[Data extract]

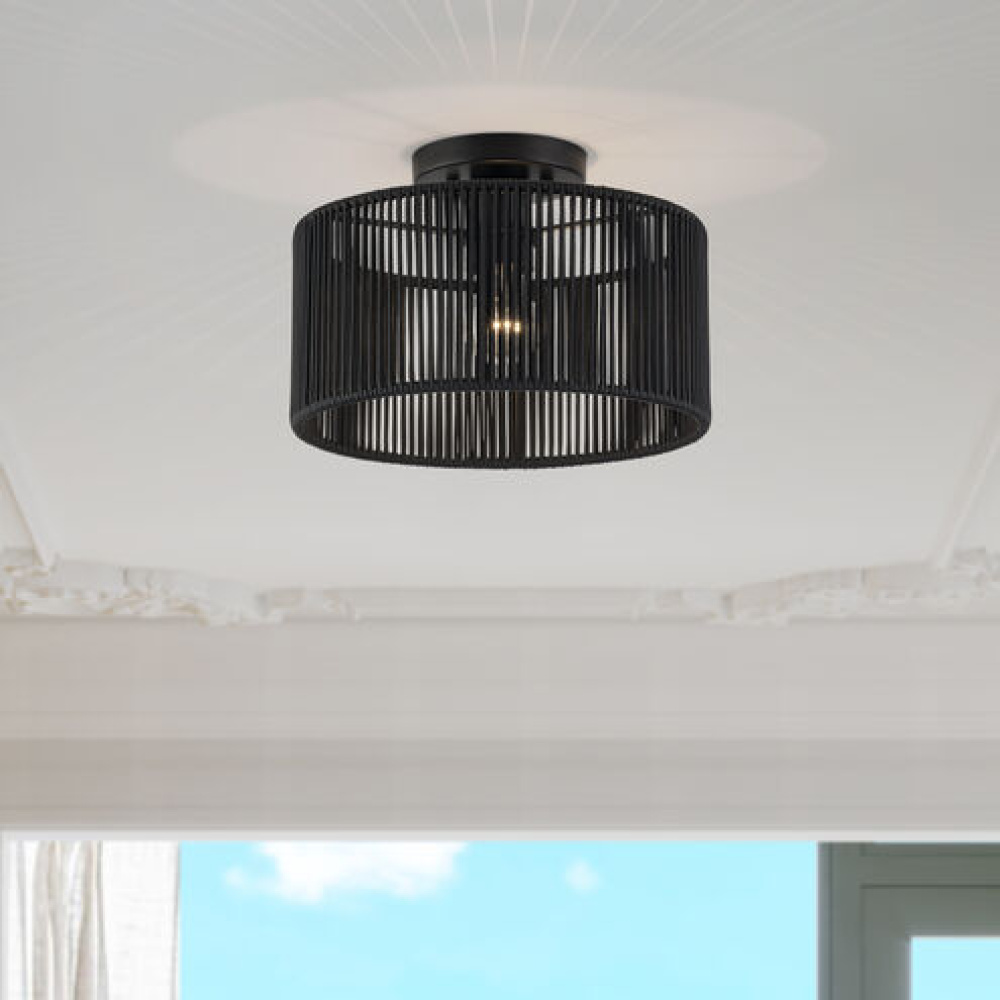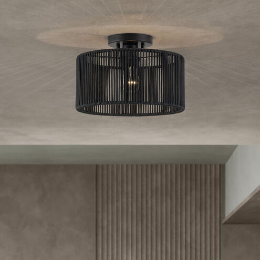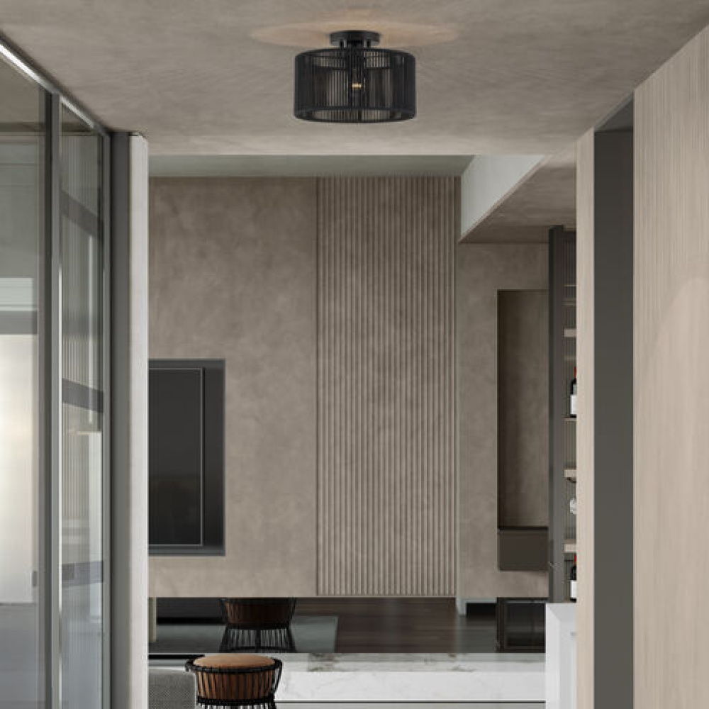 What a joy to come home to the calming, balanced and stylish Acordia lighting collection, with its semi-transparent texture and dynamic illumination! This midcentury modern lineup of elegant ceiling and wall lights features minimal metal frames with dimensional drum-shaped, tiered shades – masterfully handwoven with silky-smooth, highly-durable polyester rope, finished in noble, natural and atmospheric colors.
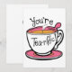 Die Karte "You're Tea-riffic", eine reizvolle und herzliche Art, jemandem zu zeigen, wie viel sie Ihnen gemein sind! Auf dieser Karte befindet sich ein niedlicher Teekeller mit einem lächelnden Gesicht, begleitet von der fröhlichen Botschaft "You're Tea-riffic". Es ist perfekt für jeden, der einen guten Wortspiel Liebe und eine gemütliche Tasse Tee genießt.
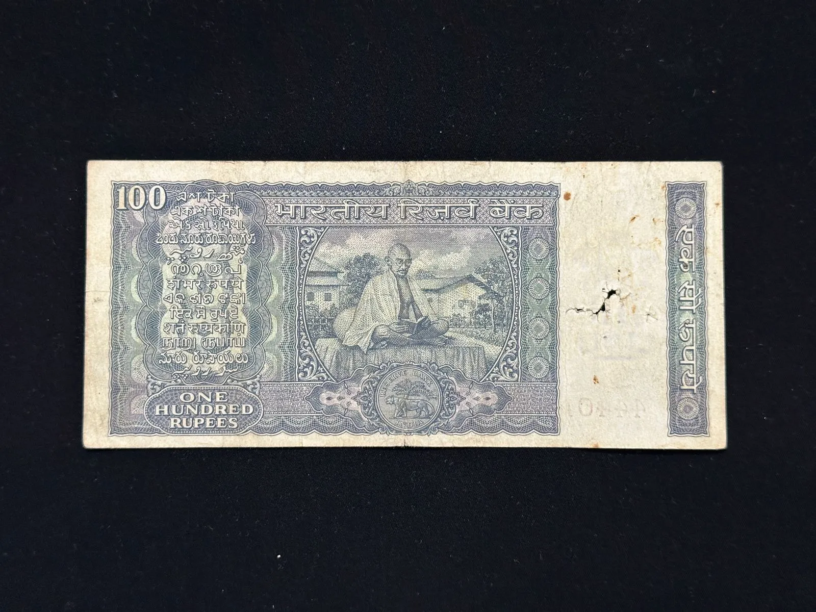 India, 1970 Rupees 100 Banknote, Gandhi Issue, Sign. B.N. Adarkar, (AB3 444014)
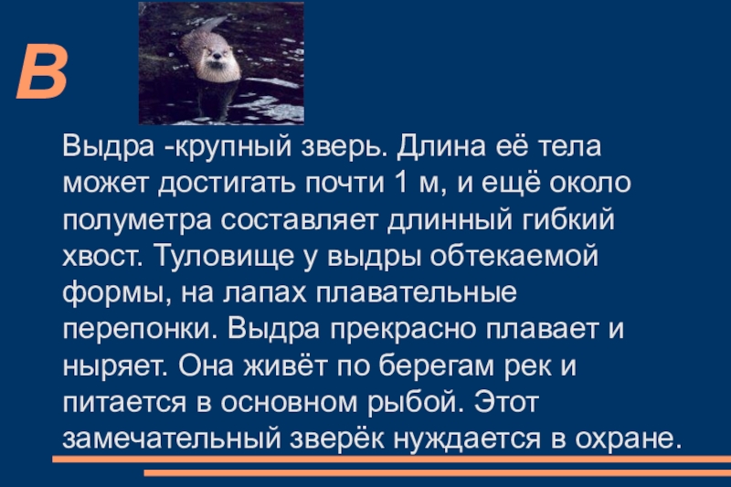 и ещё около полуметра составляет длинный гибкий хвост. Туловище у выдры обтекаемой формы, на лапах плавательные перепонки. Выдра прекрасно плавает и ныряет. Она живёт по берегам рек и питается в основном рыбой. Этот замечательный зверёк нуждается в охране.
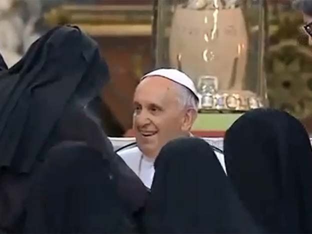 Lejos de ponerse nervioso por la maniobra de las monjas, Francisco comenzó a reír a carcajadas, mientras el cardenal, un poco enojado, las llamaba para que vuelvan a ocupar sus lugares.
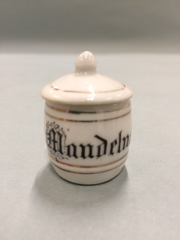Voorraadvat met deksel met het opschrift Mandeln, onderdeel van vijf porseleinen miniatuur voorraadvaatjes met deksels met opschriften
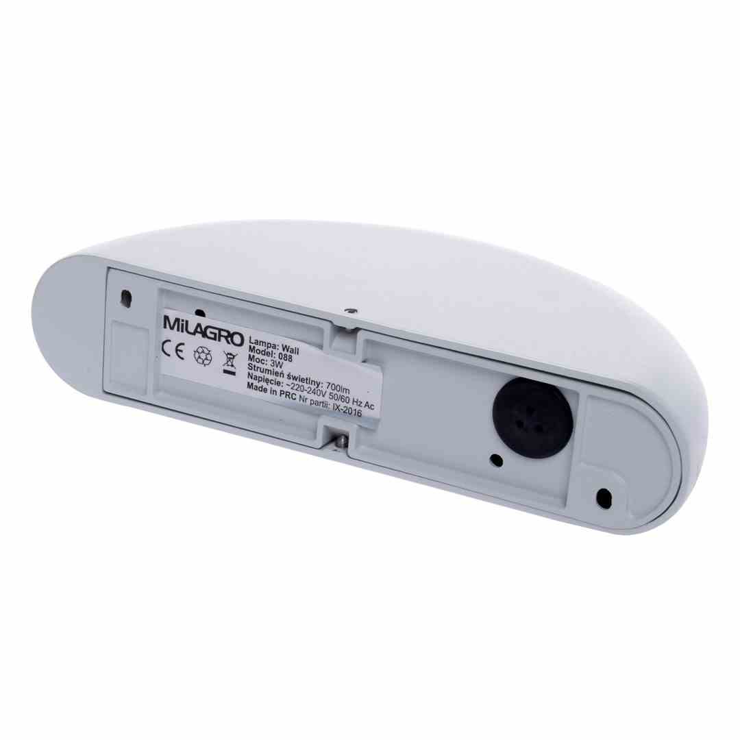 „Lampa WALL 088 jest przeznaczona do montażu ściennego. Wykonano ją ze starannie dobranego i bezpiecznego aluminium. Produkt posiada dwa zintegrowane moduły LED, które dołączono do zestawu. Maksymalna moc tej lampy plasuje się na poziomie 3 W. Taka wartość odpowiada standardowej żarówce o mocy 22 W. Wartość napięcia jest równa 230 V. Jasność tego modelu wynosi 210 lumenów, a temperatura barwowa plasuje się na poziomie 4000 K. Lampa daje zatem światło o neutralnej, białej barwie. Wysokość tego modelu wynosi 20 cm, głębokość 10 cm, a jego szerokość ma 4,3 cm. Produkt przypisano do klasy ochronności IP 44.
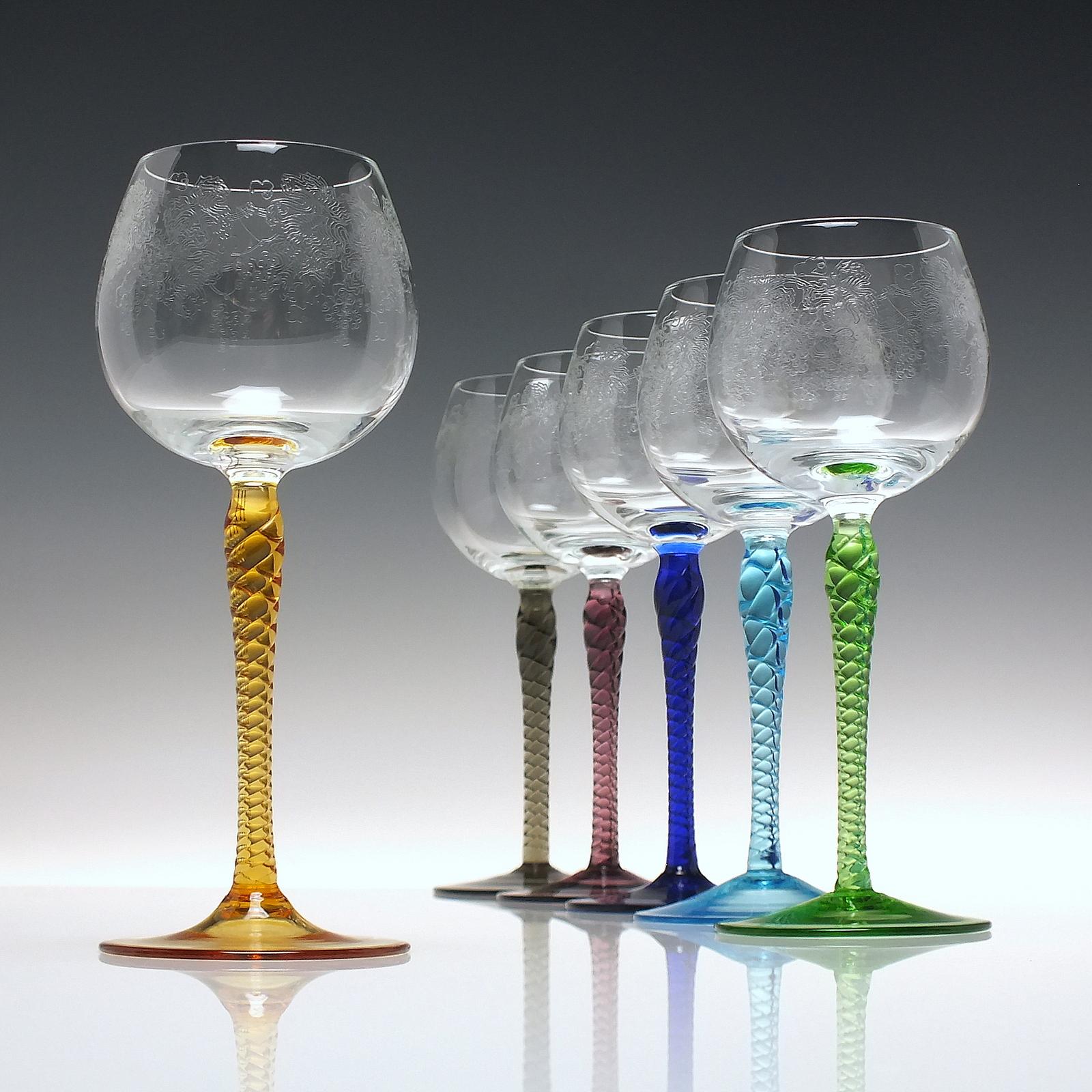 Six Vintage Harlequin Engraved Wine / Hock Glasses C1960

[/Data extract]

# [Problem details]
Once the line with "Tasse Tee genießt." has been found above, output that line and every later line exactly, stopping after the line with "India, 1970 Rupees", and omit the pictures.

# [Response]
 Die Karte "You're Tea-riffic", eine reizvolle und herzliche Art, jemandem zu zeigen, wie viel sie Ihnen gemein sind! Auf dieser Karte befindet sich ein niedlicher Teekeller mit einem lächelnden Gesicht, begleitet von der fröhlichen Botschaft "You're Tea-riffic". Es ist perfekt für jeden, der einen guten Wortspiel Liebe und eine gemütliche Tasse Tee genießt.
 India, 1970 Rupees 100 Banknote, Gandhi Issue, Sign. B.N. Adarkar, (AB3 444014)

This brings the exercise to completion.